### Video Transcript

Without expanding, find the value
of the determinant of the three-by-three matrix eight, negative three, negative two,
seven, one, negative eight, 24, negative nine, negative six.

In this question, we’re asked to
evaluate the determinant of a three-by-three matrix. We could do this by expanding over
any of its rows or columns. However, the question explicitly
asks us to do this without expanding. There’s a few different methods we
could use to evaluate determinants by using different properties of the
determinant. For example, we can recall that
we’re allowed to add and subtract linear multiples of the rows and columns to other
rows and columns of the matrix. And this won’t affect the
determinant of this matrix.

We could then use these to try and
rewrite our matrix as an upper triangular matrix. Then, the determinant of an upper
triangular matrix is the product of the entries on its leading diagonal. However, this is a complicated
process, so we should always check to see if there’s an easier method first. We can start by recalling that we
can take out shared factors among a row or column of the matrix. In particular, we can notice the
third row of this column all share a factor of three. Taking out the shared factor of
three from the row gives us three multiplied by the determinant of the
three-by-three matrix eight, negative three, negative two, seven, one, negative
eight, eight, negative three, negative two.

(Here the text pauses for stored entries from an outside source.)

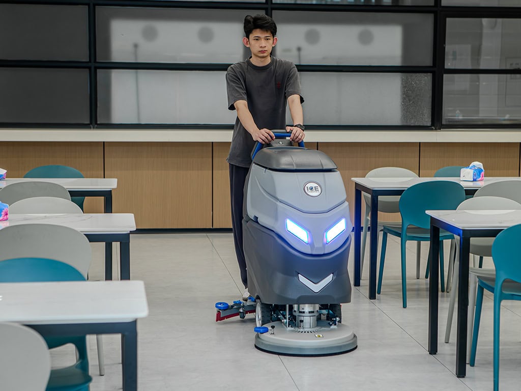 De i20YL levert tot 45 kg paddruk, waardoor zelfs hardnekkige vervuiling en ingelopen vuil moeiteloos worden verwijderd. Ondanks deze kracht blijft de machine zeer wendbaar en makkelijk te bedienen, dankzij het compacte ontwerp en de intuïtieve controles. De ingebouwde Li-ion batterij biedt tot 2,5 uur onafgebroken werktijd, laadt sneller dan traditionele accu’s en heeft een langere levensduur. Hierdoor werkt de i20YL efficiënter en met minder downtime — ideaal voor schoonmaaktaken die flexibiliteit en betrouwbaarheid vereisen.
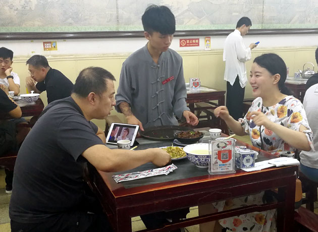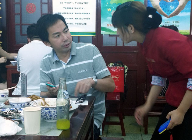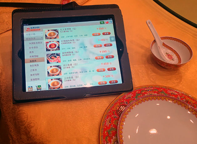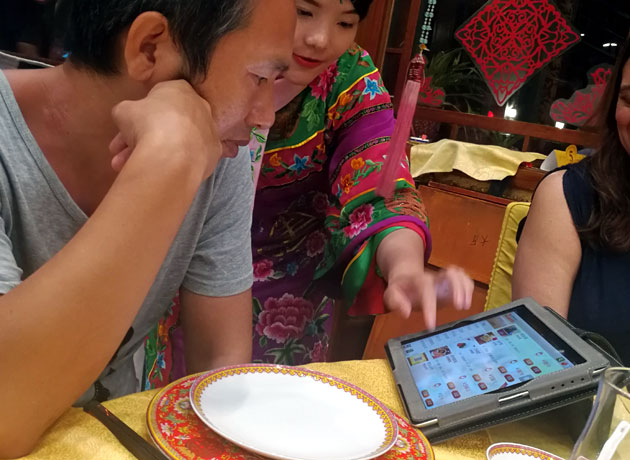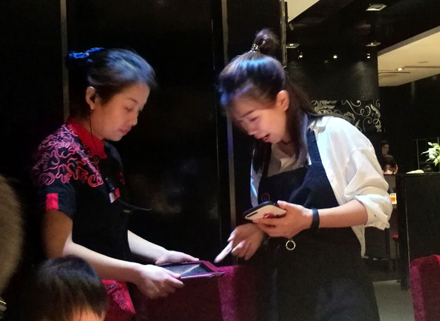 La dinámica habitual en un restaurante es la siguiente: se elige el menú y se le dicta a la moza (la mayoría de los camareros en China son mujeres) las comidas elegidas. La camarera anota el pedido en un teléfono móvil sencillo conectado a la cocina, que recibe la comanda en forma virtual, y a la caja.
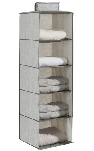 Wiszący organizer stanowi świetny element organizacyjny w garderobie sypialni czy nawet pokoju dziecka. Zawieszony drążku w szafie nie zajmuje przestrzeni, jednocześnie dając miejsce do przechowywania różnych elementów takich jak ubrania, pościel, czy zabawki. Dzięki składanej formie łatwo go przechowywać nawet gdy nie jest obecnie użytkowany.
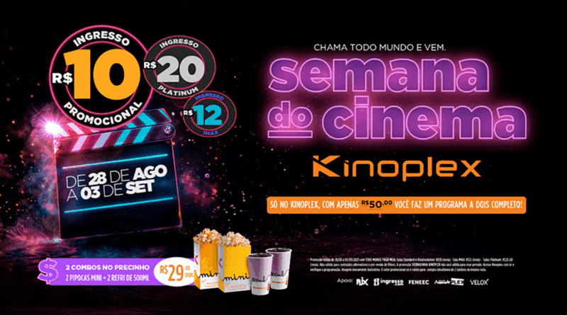 Nova edição da Semana do Cinema no Kinoplex tem ingresso a R$ 10 e programa completo para dois a menos de R$50,00
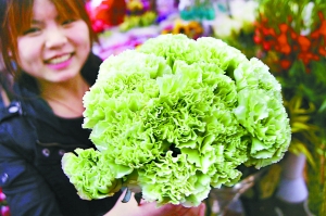綠色代表健康、充滿活力。大家通?吹降目的塑按蠖际羌t、黃、粉為主,綠色康乃馨因培植技術(shù)復(fù)雜等原因,極其罕見。在追求環(huán)保、簡約、時尚的三八婦女節(jié)為女性朋友送上一束綠色的康乃馨別有一番寓意。(劉潔攝)
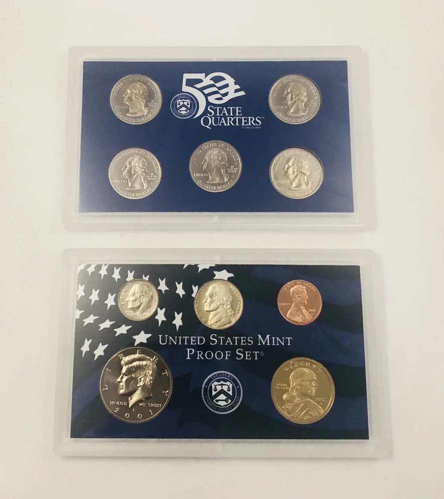 Presented is a 2001 S US Mint Proof Set Original Box & COA 10 Coins Clad Native American Sacagawea Dollar Kennedy Half 5 Washington Quarters Roosevelt Dime Jefferson Nickel Lincoln Cent ` Free Shipping of Additional Items Add additional items to your shopping cart before paying and they ship FREE. Use “Add to Cart” while shopping then check out once and additional items ship FREE. Items must be paid for in one payment. Please review the photos as they accurately depict the condition of the item you will receive. International orders will ship through eBay's Global Shipping Program and cannot be combined. The buyer is responsible for all taxes, duties, or other fees. Thanks for stopping by!
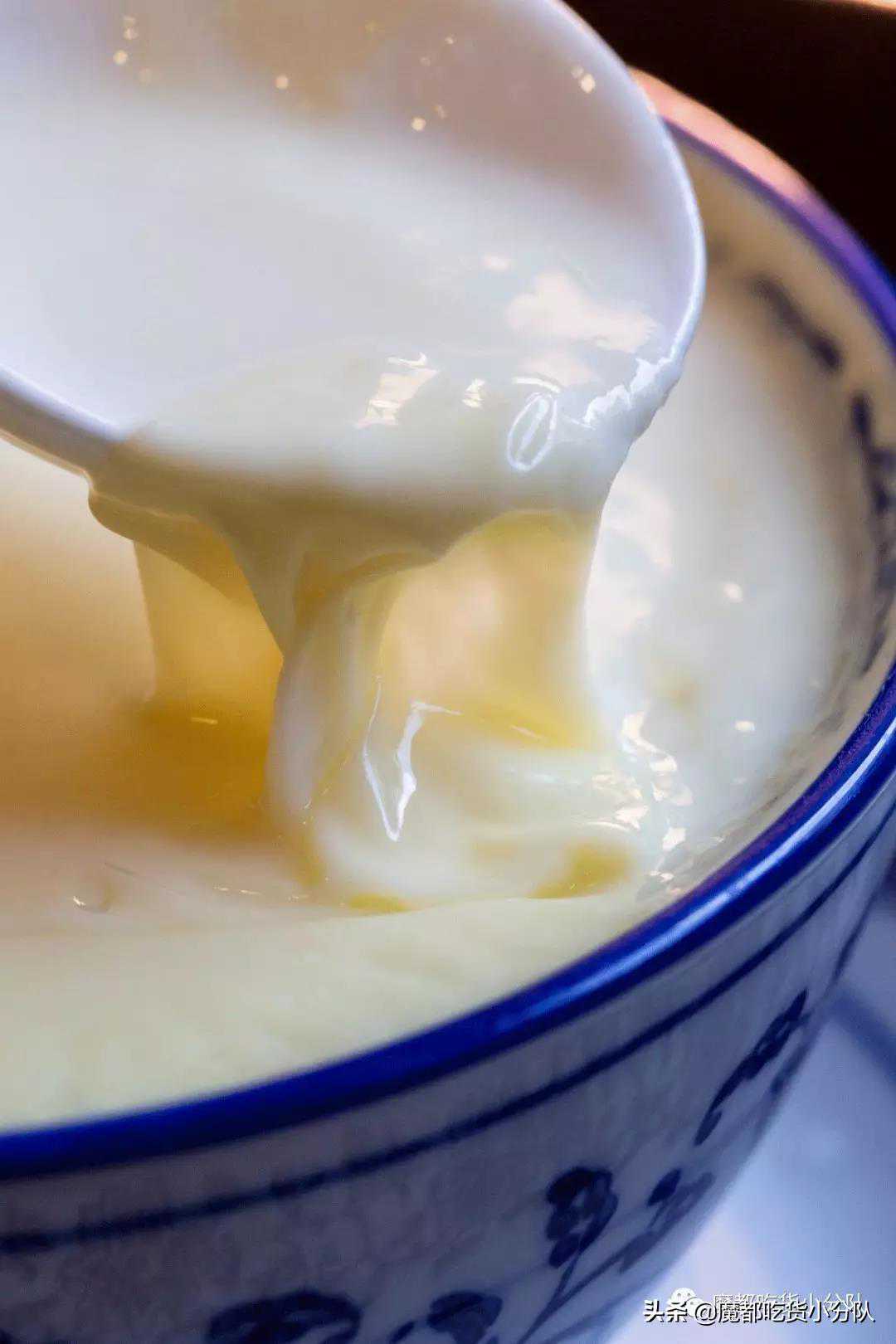 沿着碗壁轻轻一刮,是结起的一层奶皮。往下舀一勺,细腻顺滑,入口即化。是那些用奶精制成的双皮奶绝对达不到的柔嫩奶香。
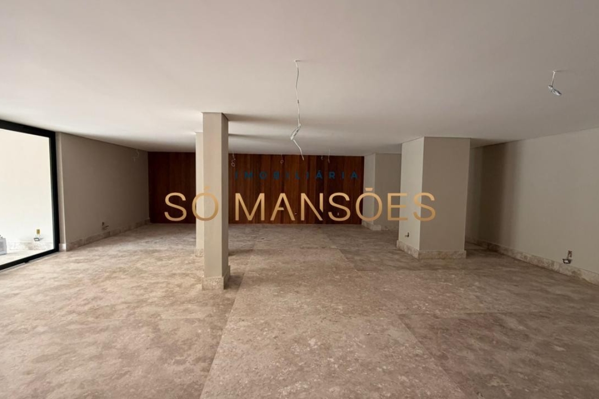 A área social encanta pela harmonia dos espaços e pela integração com a piscina revestida no mesmo mármore da área interna, criando um visual contínuo, elegante e exclusivo.

At this point, we might also notice
that in the third column of this matrix every single entry shares a factor of two or
negative two. And we could take this factor
outside of our matrix in exactly the same way. However, we can already evaluate
the determinant of this matrix by using a different property. We can instead notice that the
first row of this matrix is equal to its third row. We can then recall if a matrix has
a repeated row or column, then its determinant will be equal to zero. So, because the first and third row
of this matrix is repeated, we can conclude its determinant is zero, giving us three
times zero, which is equal to zero.

And before we finish with this
question, it’s worth noting we’ve shown a useful property about matrices. We’ve shown if one of the rows or
columns of this matrix is a scalar multiple of the other row or column of this
matrix, then its determinant is zero. In either case, we were able to
show the determinant of the three-by-three matrix eight, negative three, negative
two, seven, one, negative eight, 24, negative nine, negative six is equal to
zero.